DESCRIPTION (provided by applicant): Antibiotic resistance among bacterial pathogens remains one of the great challenges confronting public health in the world today. Despite the remarkable success of antibiotics, bacterial infections remain one of the leading causes for mortality. Increasingly, sustained and broad use of antibiotics has selected for multi-drug resistant bacteria that adapt rapidly to newer generation antibiotics and shorten their clinical efficacy. We have developed a scalable and holistic approach that we call 'Quantitative Evolutionary Dynamics' (QED) to study daptomycin and tigecycline resistance in clinical isolates of vancomycin-resistant enterococci (VRE) and to tigecycline resistance in Acinetobacter baumannii. QED can be applied across many organisms and antibiotics to provide: 1) conceptual and mechanistic insights, 2) new targets for drug design, and 3) reveal the underlying biophysical basis for changes in cellular fitness leading to greater resistance during selection. To conduct QED, we use a combination of experimental evolution in turbidostats (fermentors that maintain bacterial populations at their fastest growth rate), genomic sequencing, DNA bar-coding to measure allelic frequencies (FREQ-SEQ), RNA-Seq and physicochemical characterization, including X-ray crystallography, to provide an integrative approach to the identification and characterization of drug resistance targets and mechanisms. QED uses experimental evolution to identify the intermediates of adaptation to reconstruct the adaptive networks responsible for resistance. We use principles from evolutionary biology to rank the likely importance of such changes within the population and prioritize the most important targets for the more time consuming physical studies.
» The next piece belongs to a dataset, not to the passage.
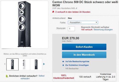 Wieder im Angebot! Dieses Topmodell der Chrono-Serie bietet sehr ausgewogen-klangliche Eigenschaften und eine schicke Optik. 3-Wege Standlautsprecher mit Nenn-/Musikbelastbarkeit von 160 / 320 Watt. Bestückung: Tieftonchassis (2x 180mm Aluminium Wave-Sicke), Mitteltonchassis(180mm Aluminium Wave-Sicke), Hochtonchassis (25mm Alu-Mangan). Die robuste und akustisch neutrale Stoffabdeckung ist auch dabei. Größe: 29 x 19 x 105 cm. Farben: Schwarz oder Weiß. 4,8 Sterne bei Amazon (120 Bewertungen).
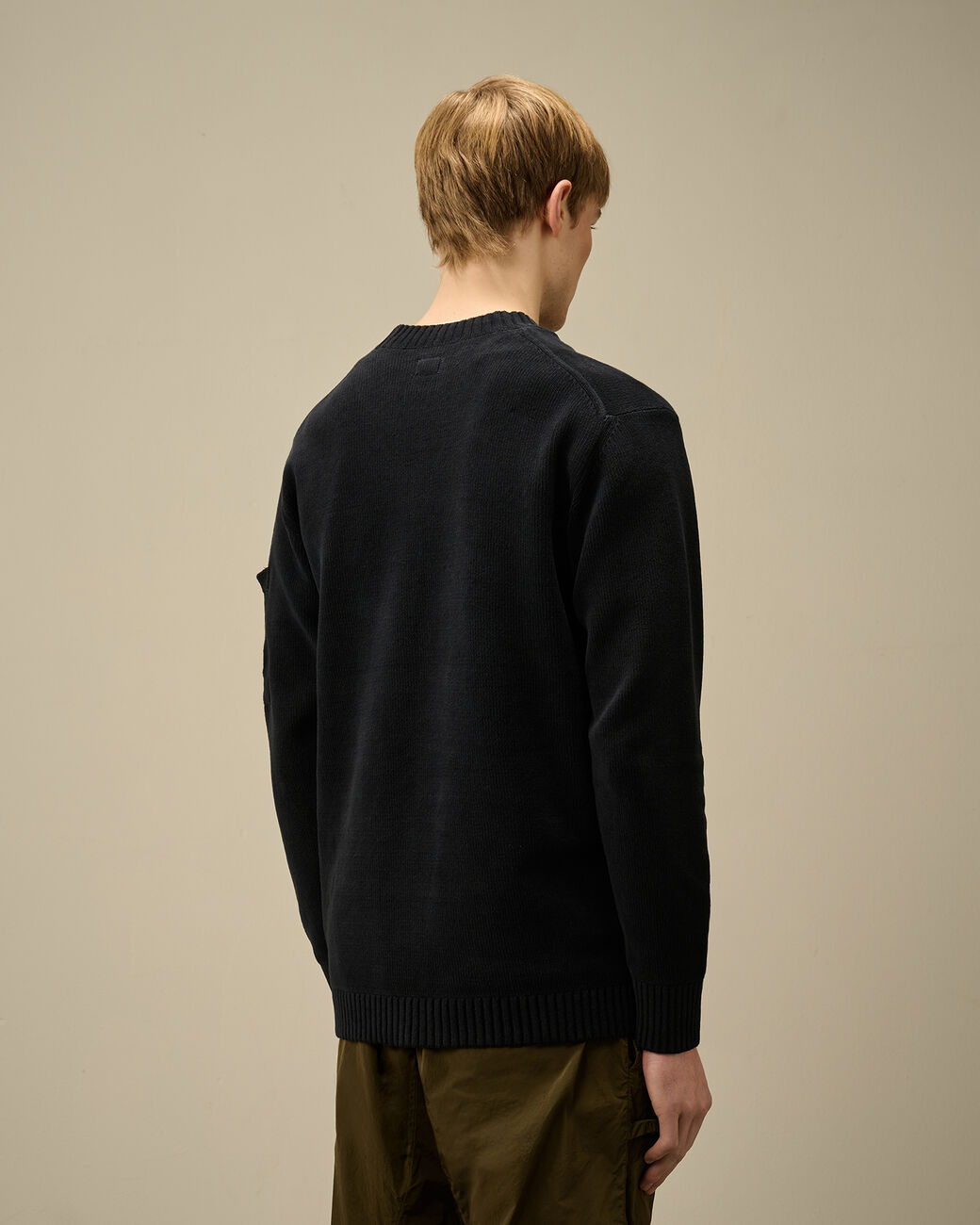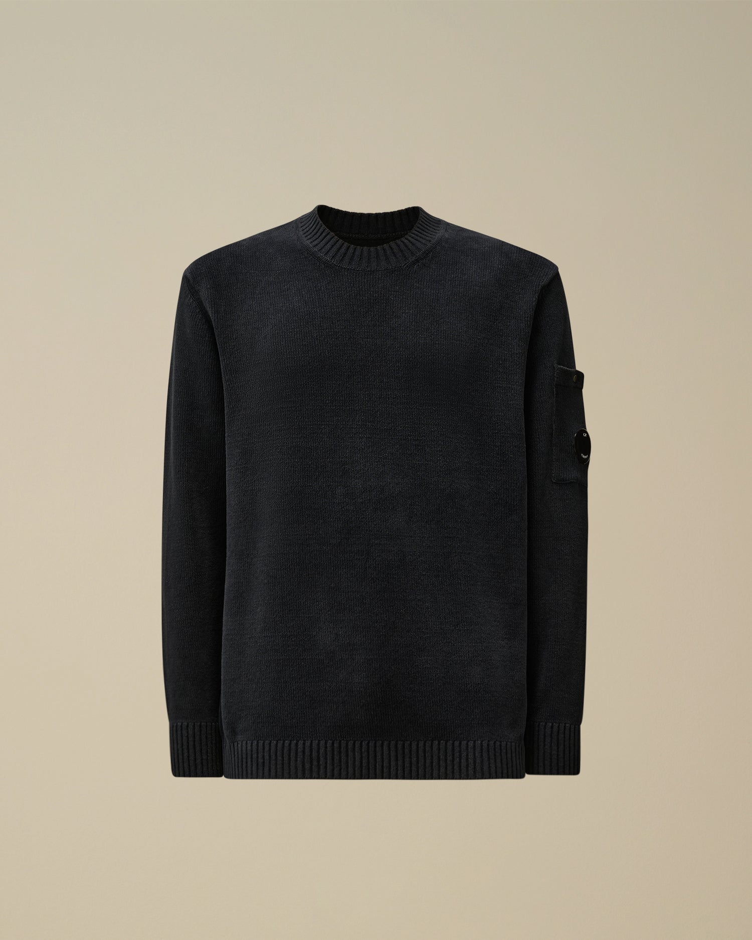 Crewneck knit crafted in garment dyed chenille cotton, featuring Lens detail. Gauge 7. Regular fit.

QED shows excellent correspondence to in vivo clinical observations of antibiotic resistance. We produce insights not just into the clinically relevant strategies for resistance, but also the specific biochemical mechanisms of resistance, the specific candidate genes responsible for those biochemical changes, and the basis for developing a quantitative link between those changes and the fitness (e.g. resistance) of the pathogen towards a specific drug. QED is a powerful and novel approach that can complement in vivo and clinical studies as well as reveal the evolutionary dynamics of antibiotic resistance.
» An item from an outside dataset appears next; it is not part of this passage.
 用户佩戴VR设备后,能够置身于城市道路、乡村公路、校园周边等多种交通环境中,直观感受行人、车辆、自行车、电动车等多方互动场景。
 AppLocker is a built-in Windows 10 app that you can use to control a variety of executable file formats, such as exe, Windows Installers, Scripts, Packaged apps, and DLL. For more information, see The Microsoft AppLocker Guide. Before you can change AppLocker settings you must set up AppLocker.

描述（由申请人提供）：细菌病原体之间的抗生素耐药性仍然是当今世界公共卫生面临的巨大挑战之一。尽管抗生素取得了显着的成功，但细菌感染仍然是死亡率的主要原因之一。越来越多的抗生素使用抗生素的持续和广泛使用已选择用于迅速适应新产生抗生素并缩短其临床功效的多药抗菌细菌。我们已经开发了一种可扩展的整体方法，我们称之为“定量进化动力学”（QED），以研究抗性霉素抗性肠球菌（VRE）临床分离株（VRE）的daptomycin和tigecycline抗性，并在抗激素的baumanniii中对tigecycline抗性。 QED可以在许多生物体和抗生素中应用：1）概念和机械洞察，2）药物设计的新目标； 3）揭示了细胞适应性变化的潜在生物物理基础，从而在选择过程中导致更大的耐药性。要进行QED，我们将实验进化的组合（以最快的生长速率保持细菌群体维持细菌种群的发酵罐），基因组测序，DNA键编码来测量等位基因频率（FREQ-SEQ），RNA-SEQ和物理化学表征，包括X射线晶体术和识别型的鉴定方法，并具有识别型和特征的方法。 QED使用实验进化来识别适应性的中间体，以重建负责电阻的自适应网络。我们使用进化生物学的原则来对这种变化在人群中的重要性进行排名，并优先考虑更耗时的物理研究目标。 QED显示出与抗生素耐药性体内临床观察结果的极好对应关系。我们不仅会洞悉抗药性的临床相关策略，还可以产生抗药性的特定生物化学机制，负责对这些生化变化的特定候选基因，以及在这些变化与适应性（例如，对特定药物的病原体抗性）之间建立定量联系的基础。 QED是一种强大而新颖的方法，可以补充体内和临床研究，并揭示抗生素耐药性的进化动力学。